YOU FORCED YOUR DYING EX-WIFE TO SING AT YOUR WEDDING… BUT HER SONG EXPOSED YOU IN FRONT OF EVERYONE IN RECIFE

YOU FORCED YOUR DYING EX-WIFE TO SING AT YOUR WEDDING… BUT HER SONG EXPOSED YOU IN FRONT OF EVERYONE IN RECIFE

“You can’t do this,” he hisses.
Bianca’s laugh is cold.
“I can do anything,” she says. “That’s what you married into.
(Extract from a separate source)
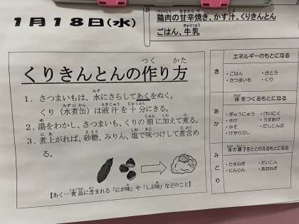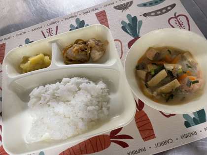 「かす汁」は、年に1回だけ登場する汁ものです。さけ、つきこんにゃく、うすあげ、だいこん、にんじん、青みに青ねぎを使用し、うすくちしょうゆ、みそ、酒かすで味つけした寒い時期に体が温まる具だくさんの汁ものです。

Too bad you didn’t read the fine print.”

The crowd begins to disperse in uneasy waves.
Some guests leave because they’re ashamed.
Others leave because they’re afraid.
And a few stay, drawn toward Lídia like people who suddenly remember what courage looks like.

A woman approaches Lídia, placing a shawl gently over her shoulders.
“My sister died of cancer,” she whispers. “I’m sorry.”
Lídia nods, eyes shining, and for a moment she looks unbelievably tired.
But she also looks free.

Davi tries one last time to salvage control.
He steps toward Lídia, lowering his voice, attempting the old charm like a man reaching for a tool that used to work.
“Lídia,” he murmurs, “please. We can handle this privately. I’ll pay more. I’ll—”
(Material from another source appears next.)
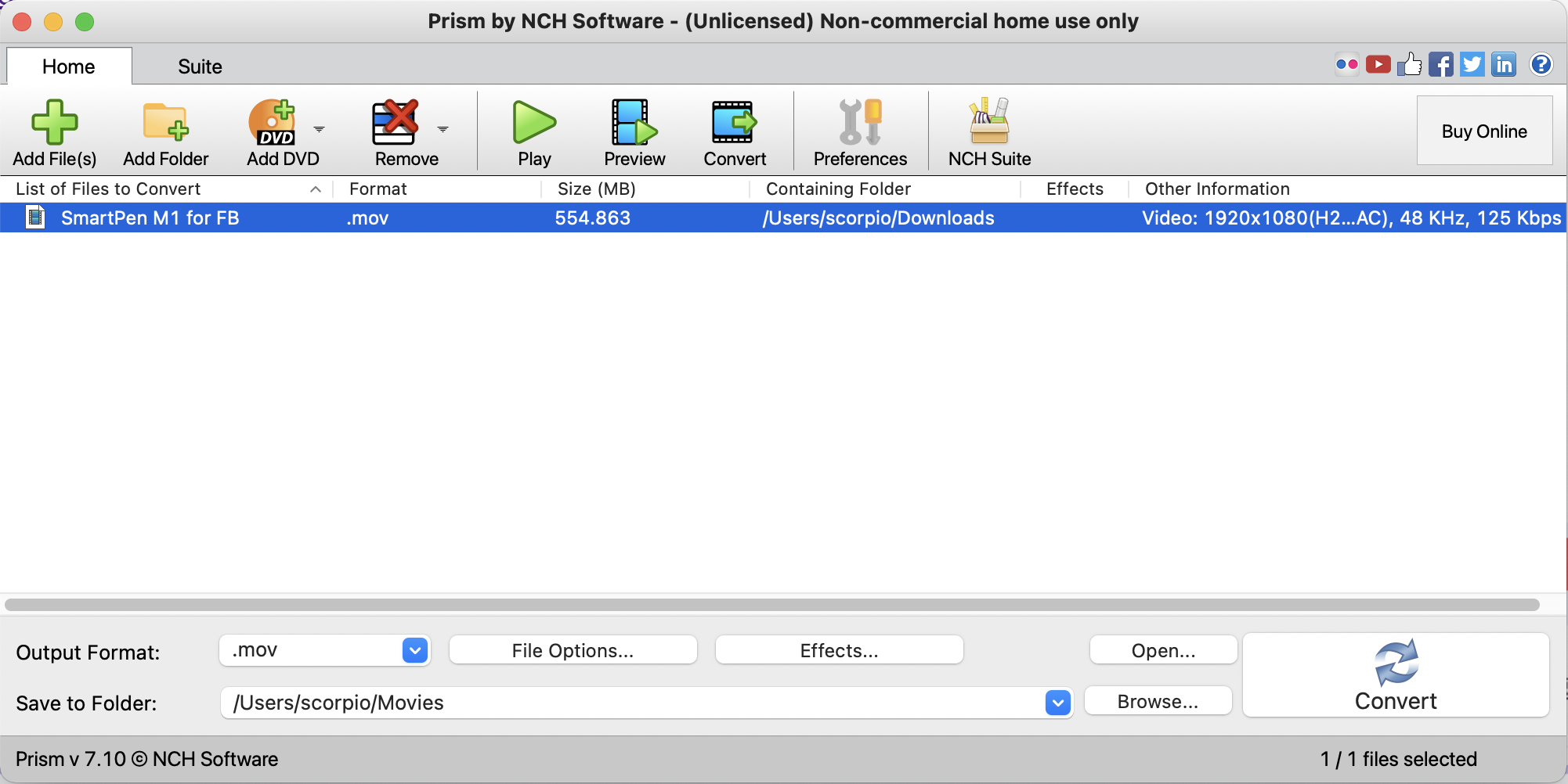 Prism Video Converter 其實我覺得長的比較像是免費軟體的感覺,不過售價確實相對來說也有比較低,但以 MOV 轉 MP4 測試下來,轉檔速度也是偏慢,品質我覺得大約 90 分,老牌軟體為什麼都不多點更新呢?

Lídia lifts a hand and stops him.
Her voice is quiet, but it cuts.
“You don’t get to bargain with the person you abandoned,” she says.
“And you don’t get to call it ‘private’ when you made my pain public.”

Security escorts Davi away from the ballroom as reporters circle like sharks that smell blood.
Bianca stands alone at the altar, blinking fast, trying not to cry in front of people who’d sell her tears for clicks.
And Lídia, in her wheelchair, is rolled gently out to the terrace, where the ocean wind is cooler and honest.

You follow her outside, not as Davi, not as Bianca, not as a guest.
You follow as someone who can’t pretend they didn’t witness something seismic.
Lídia looks up at the sky, eyes closed, breathing shallowly.
The night air fills her lungs like a small miracle.

“You were brave,” someone whispers, and Lídia shakes her head.
“I was tired,” she corrects. “Tired is what makes you honest.”
Then she lets out a soft laugh that sounds like relief.
“And I still breathe.”

In the weeks after the wedding, Recife becomes a city of whispers and headlines.
Investigations open into Bianca’s foundation.
Davi’s real estate deals are audited, and investors who once called him “visionary” begin calling him “liability.”
His empire doesn’t fall in one day, but it begins to rot from the inside out, because truth is a slow fire.

Lídia uses the ten thousand reais exactly as she planned.
She pays for treatment.
She buys herself time.
She doesn’t waste a cent on revenge.

A local radio station asks to play “Still I Breathe.”
At first she refuses, then she agrees under one condition: all proceeds go to cancer patients who can’t afford care.
The song spreads through Recife like rain after drought.
People hum it on buses. Nurses play it in hospital corridors. Choirs sing it in churches.

And one morning, when you’re standing in line at a pharmacy, you hear a teenage girl humming the chorus softly.
Still I breathe.
Still I stand.
Not for you… but for the hands I promised not to drop.

Lídia becomes something she never chased: a symbol.
Not a perfect one, not a polished one.
A real one.
A woman who refused to be used as a prop in a rich man’s story.

When Davi tries to contact her again, she doesn’t respond.